▶ **INSTRUCTIONS FOR THE TASK**:
Please set down only the lines below starting with the line with "Bruciaprofumo in giada" and going on through the line with "علينا وصايا الإله", verbatim and without pictures.

(Source records)
^^^^

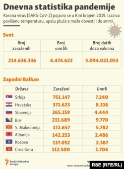 Zavodu za javno zdravstvo Federacije BiH prijavljeno je 2.211 uzoraka, od čega je 400 pozitivno na SARS-CoV-2.
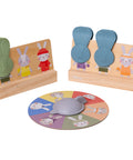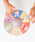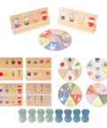 Habilidades de reconocimiento y conteo a través del juego. Este juego educativo para dos implica girar la flecha y colocar clavijas de conejito en el tablero de juego de madera según la imagen que aparece. El primer jugador que coloque 4 conejitos en un tablero de madera gana.
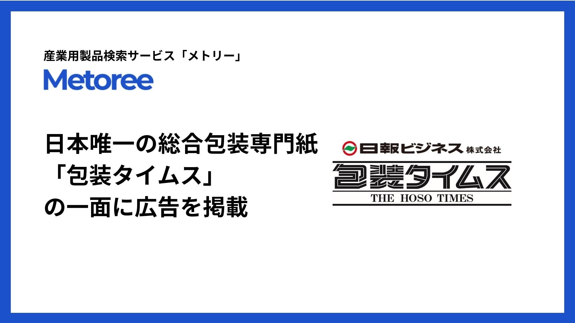 産業用製品検索サービス「メトリー」、日本唯一の総合包装専門紙「包装タイムス」の一面に広告を掲載
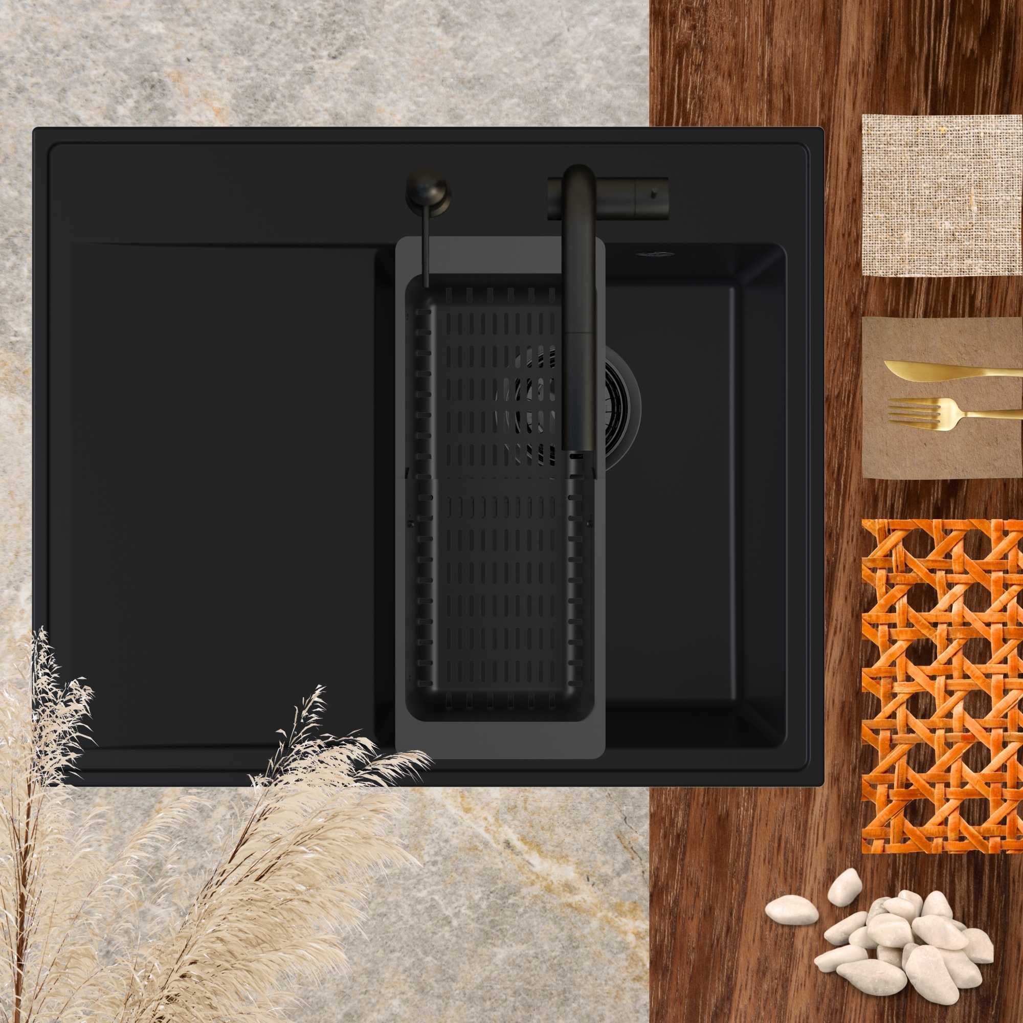- Zlewozmywak granitowy STILO 1KKO w czarnym kolorze
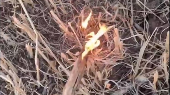 Elindeki çubuk ile anız yakarak görüntüleri sosyal medyada ‘Koskocaman tarlayı çubukla yaktık’ notuyla paylaşan 15 yaşındaki F.G., jandarma ekipleri tarafından gözaltına alındı.
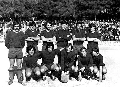 En la foto, que no es de excesiva calidad, aparecen, de pie: Paco, Ángelm Carlos Moya ,Juanito, Alemán y Losa. Agachados: Casiano, Paco, Lerma, Moni y Nino.
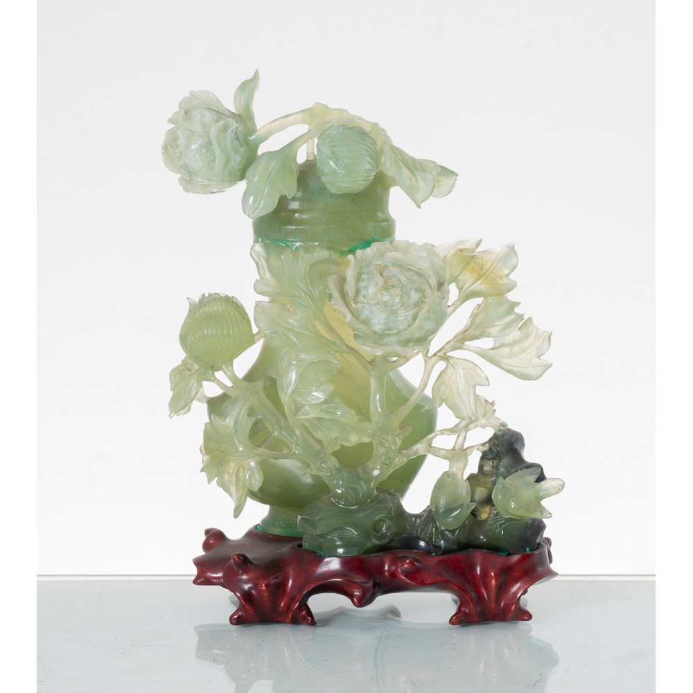 Bruciaprofumo in giada raffigurante "Composizione floreale e fogliacea" (usure).
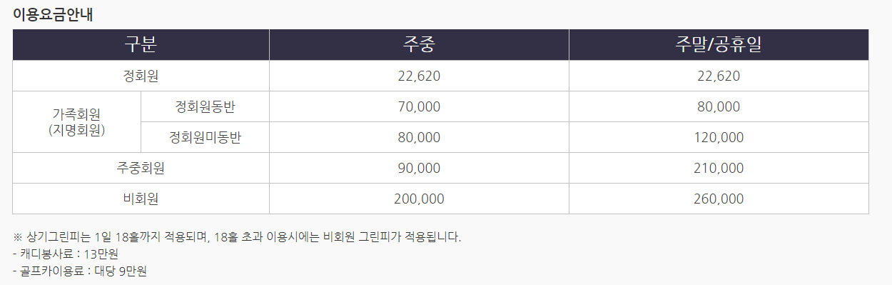 입니다. 회원권의 분양금액에 따라서 예약횟수와 그린피가
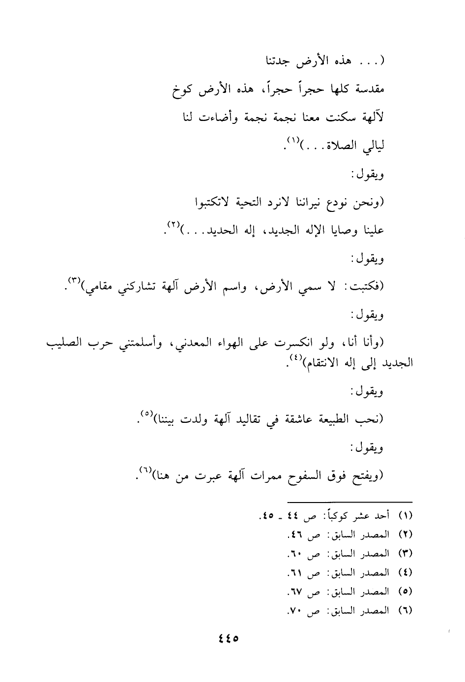 علينا وصايا الإله الجديد، إله الحديد. . .) (¬٢).
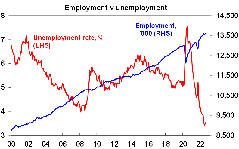 The jobs market remains tight but looks to be starting to cool. Employment was virtually flat in September as were hours worked and both unemployment and underemployment were unchanged at 3.5% (around its lowest in more than 48 years albeit up from 3.41% to 3.54%) and 6% respectively. While the labour market remains very tight it appears to be softening at the edges. Three month average jobs growth has slowed to just 200 jobs a month down from 54,000 jobs a month six months ago and monthly job opening data also appears to be slowing. Unemployment may still fall a bit further, but through next year its likely to be rise above 4% as the reopening surge in jobs is behind us, rate hikes will hit demand and foreign workers and immigrants are returning rapidly which will add to labour supply. With the jobs market still tight and likely to feed through to faster wages growth the RBA is likely to hike rates again next month, but the signs of softening are likely to see it stick to a 0.25% hike rather than revert to 0.5%.
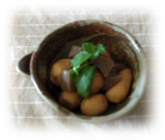 里芋と蒟蒻煮 干ししいたけの戻し汁をたっぷり使って甘辛く煮込みました、 |
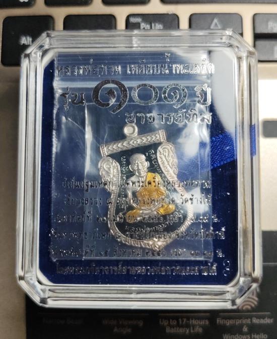 วัดใจ เหรียญเลื่อนสมณศักดิ์หลวงปู่ทวดเนื้อเงินลงยาสีดำ รุ่น 101ปีอาจารย์ทิมสวยครับเลข 348 |
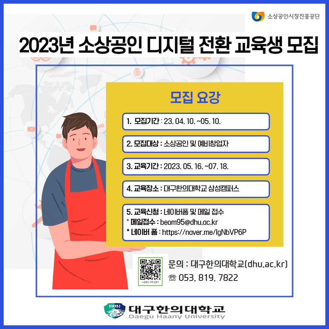 수강인원은 50명 내외이며, 문의는 대구한의대 소상공인디지털전환지원센터로 하면 된다.
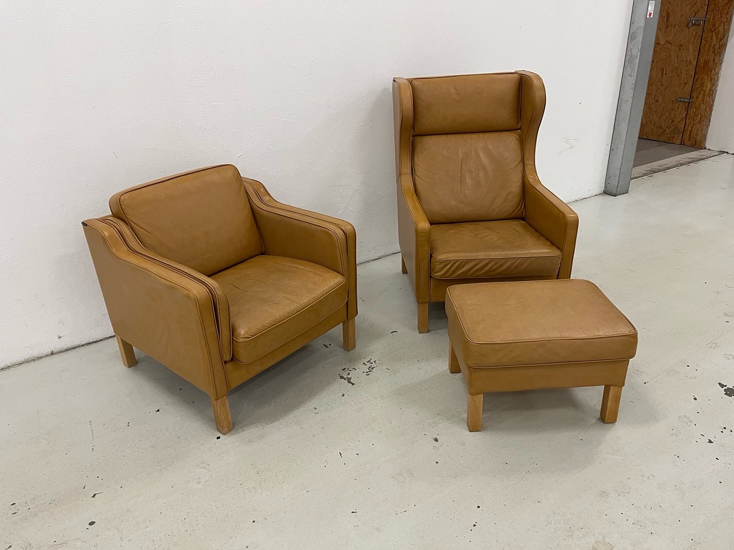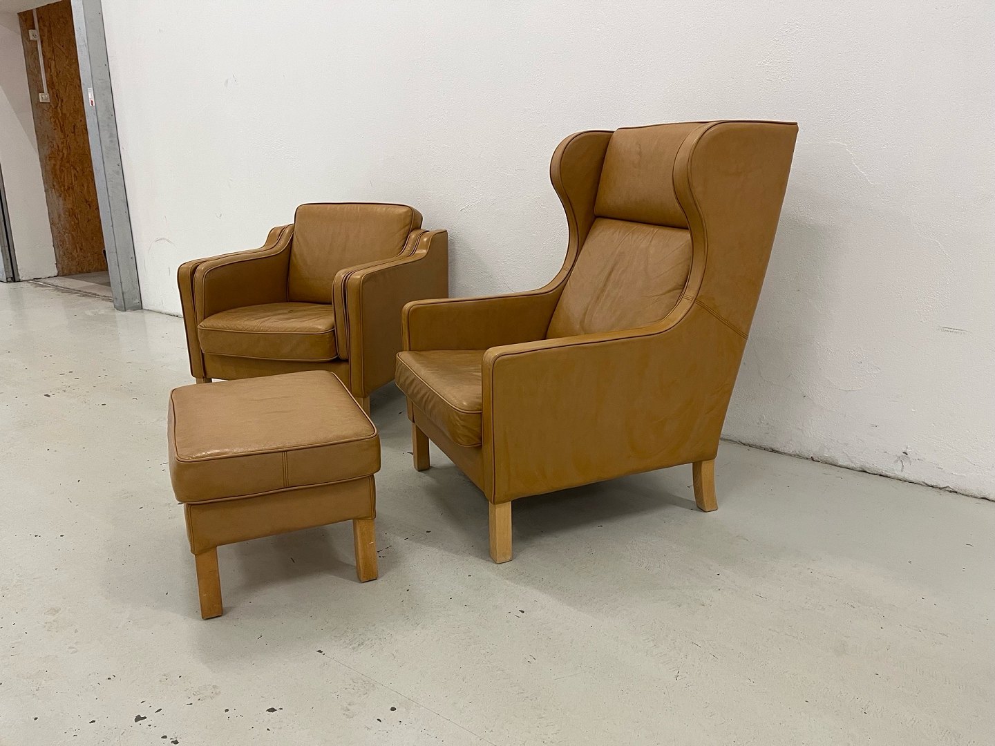 Eksklusivt sæt bestående af Skalma Cerena øreklapstol, lav stol og skammel, udført i semianilin cognacfarvet læder (668/08) med ben i lys sæbebehandlet bøg.

^^^^

▶ **OUTPUT OF THE EXERCISE**:
 Bruciaprofumo in giada raffigurante "Composizione floreale e fogliacea" (usure).
 입니다. 회원권의 분양금액에 따라서 예약횟수와 그린피가
 علينا وصايا الإله الجديد، إله الحديد. . .) (¬٢).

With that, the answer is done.